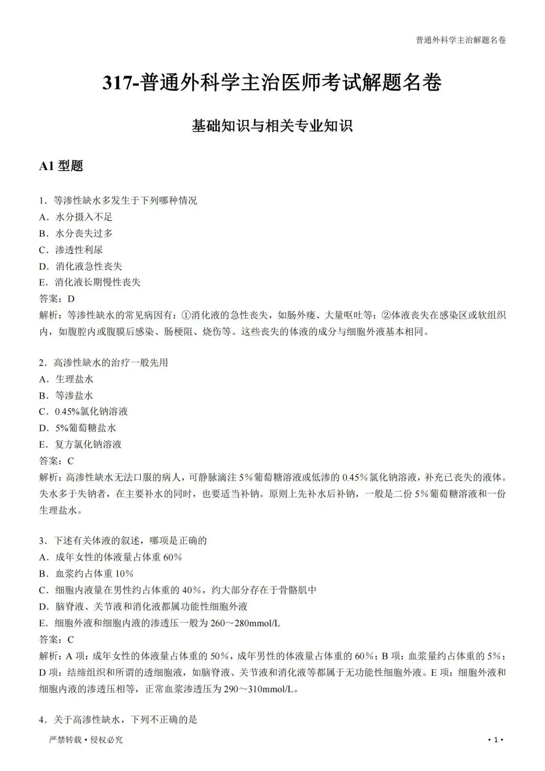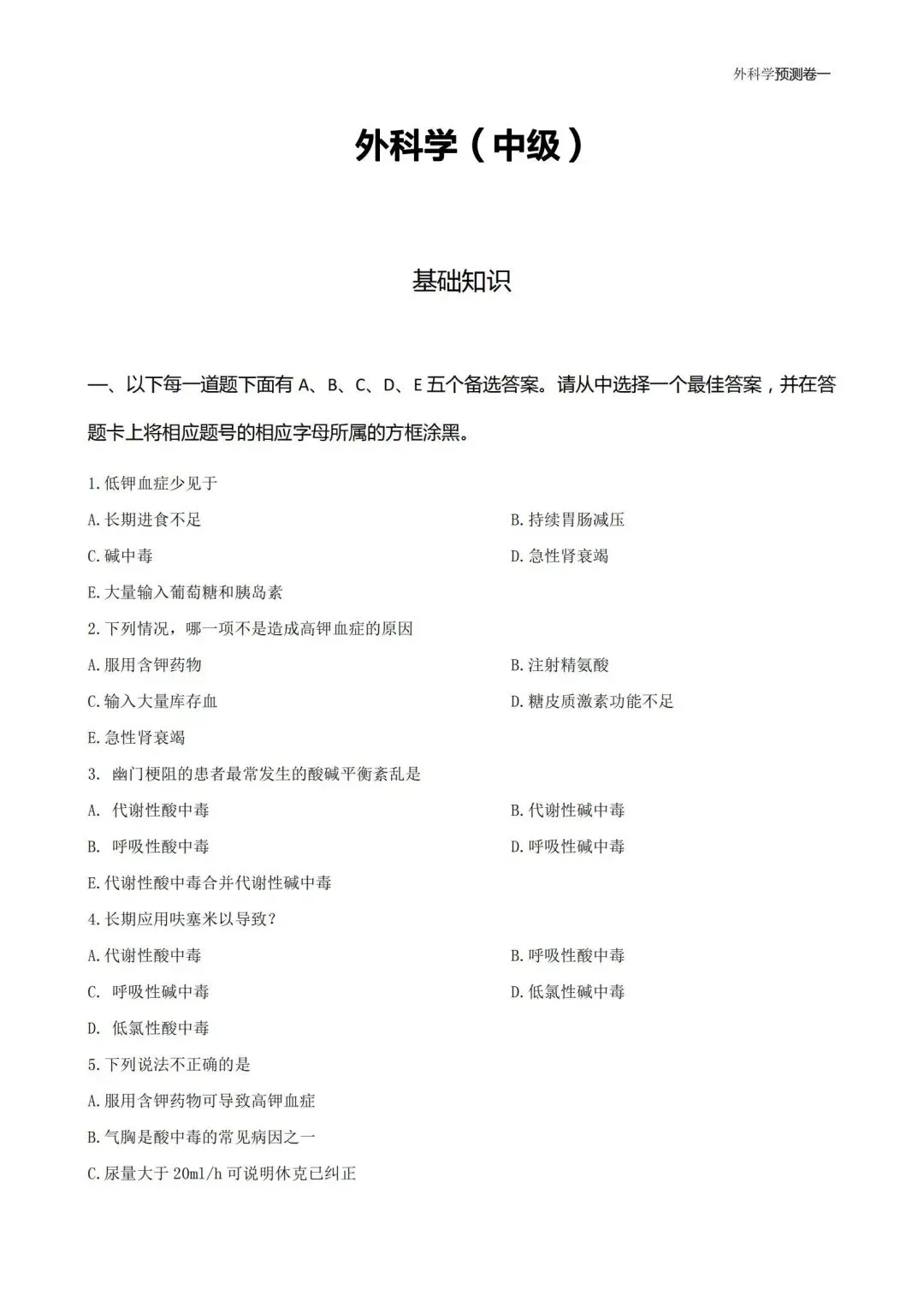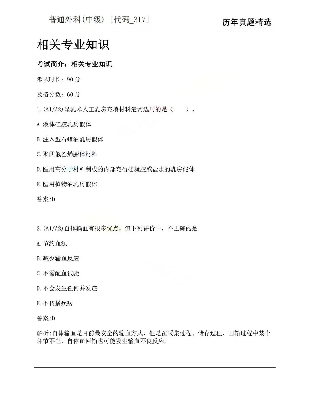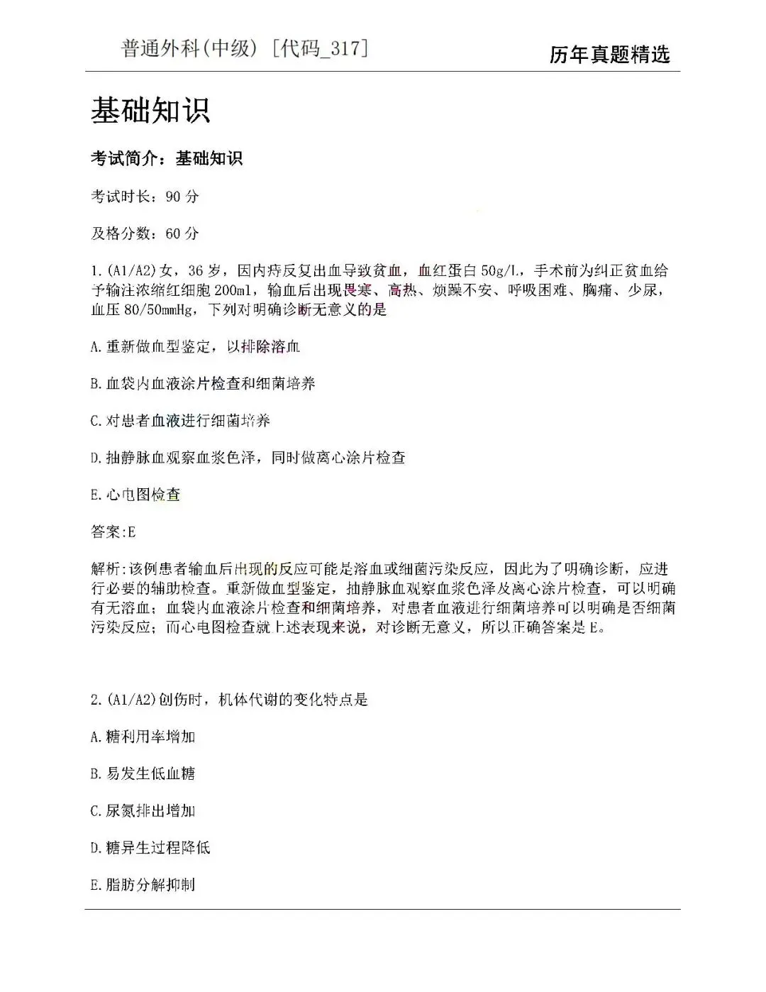 五、普通外科学中级(317)历年真题【历年真题—真题是对考试考点、难度的真实反映,先过一遍历年真题,了解考情和考点,卫生职称往往会存在历年真题重现,考生重点把握】
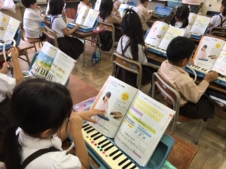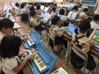 鍵盤ハーモニカを練習しました。歌に合わせて「ド」や「ソ」の音を弾いたり、好きな音を出したりして指使いを練習しました。
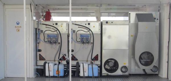 The unit is fully autonomous with an in-board diesel power generator, low speed 1500 rpm, in continuous service.
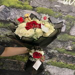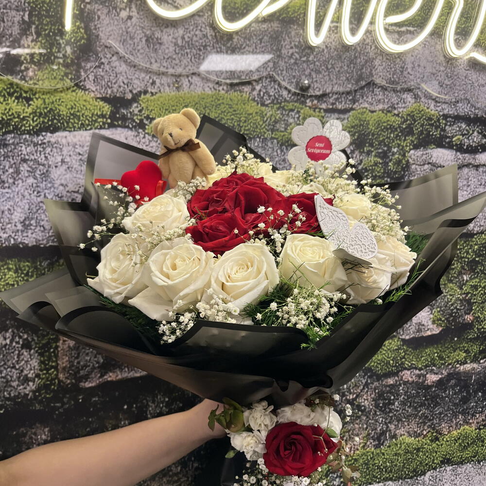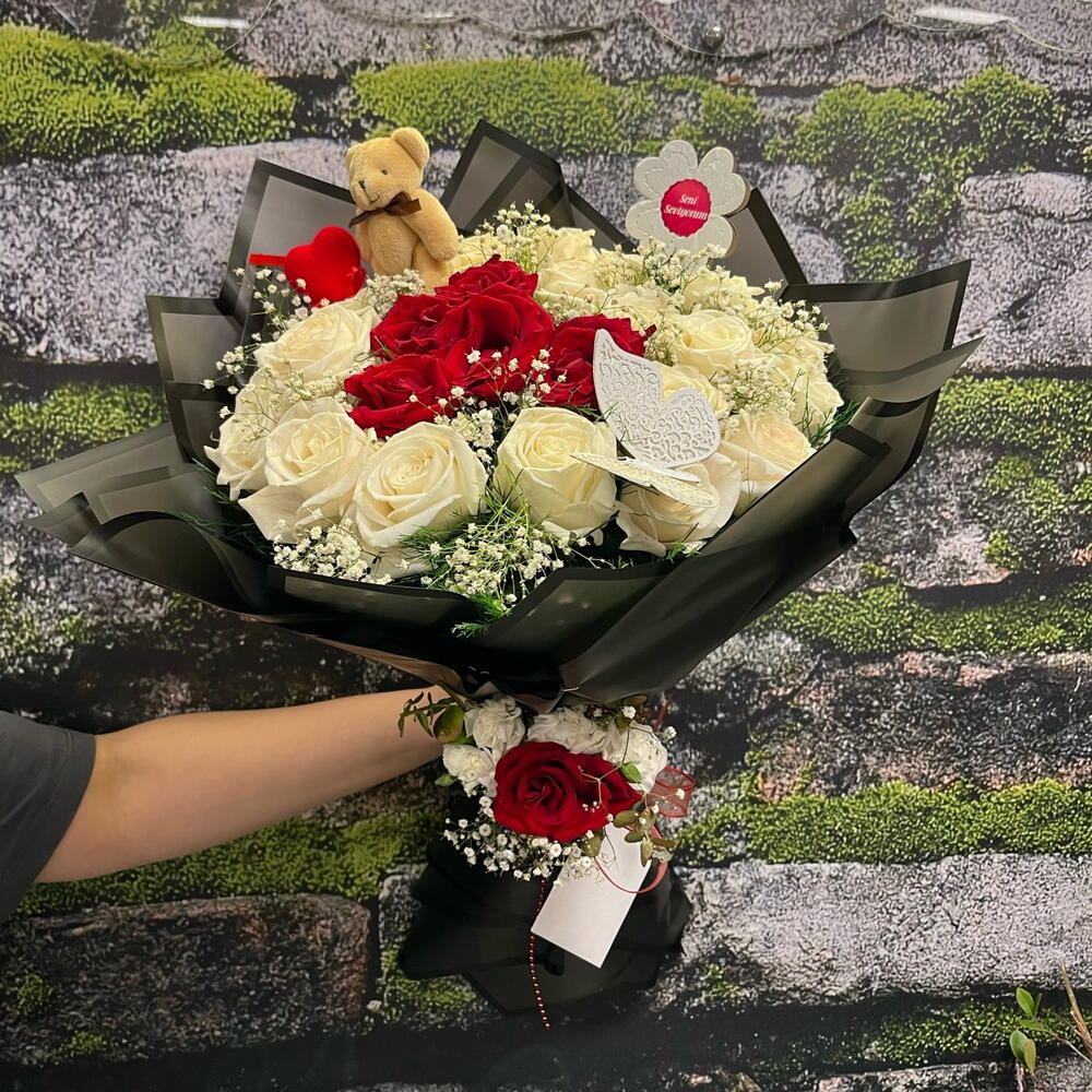 kırmızı gül - 5 adet beyaz gül - 20 adet cipso - 30 adet kalp çubuk - 1 adet ayıcık - 1 adet kelebek - 1 adet seni seviyorum - 1 adet
-=-=-
» DESCRIPTION OF THE TASK
The pictures alone are to be left out when the data above is copied; all else must match exactly.

» REPLY TO THE TASK
 五、普通外科学中级(317)历年真题【历年真题—真题是对考试考点、难度的真实反映,先过一遍历年真题,了解考情和考点,卫生职称往往会存在历年真题重现,考生重点把握】
 鍵盤ハーモニカを練習しました。歌に合わせて「ド」や「ソ」の音を弾いたり、好きな音を出したりして指使いを練習しました。
 The unit is fully autonomous with an in-board diesel power generator, low speed 1500 rpm, in continuous service.
 kırmızı gül - 5 adet beyaz gül - 20 adet cipso - 30 adet kalp çubuk - 1 adet ayıcık - 1 adet kelebek - 1 adet seni seviyorum - 1 adet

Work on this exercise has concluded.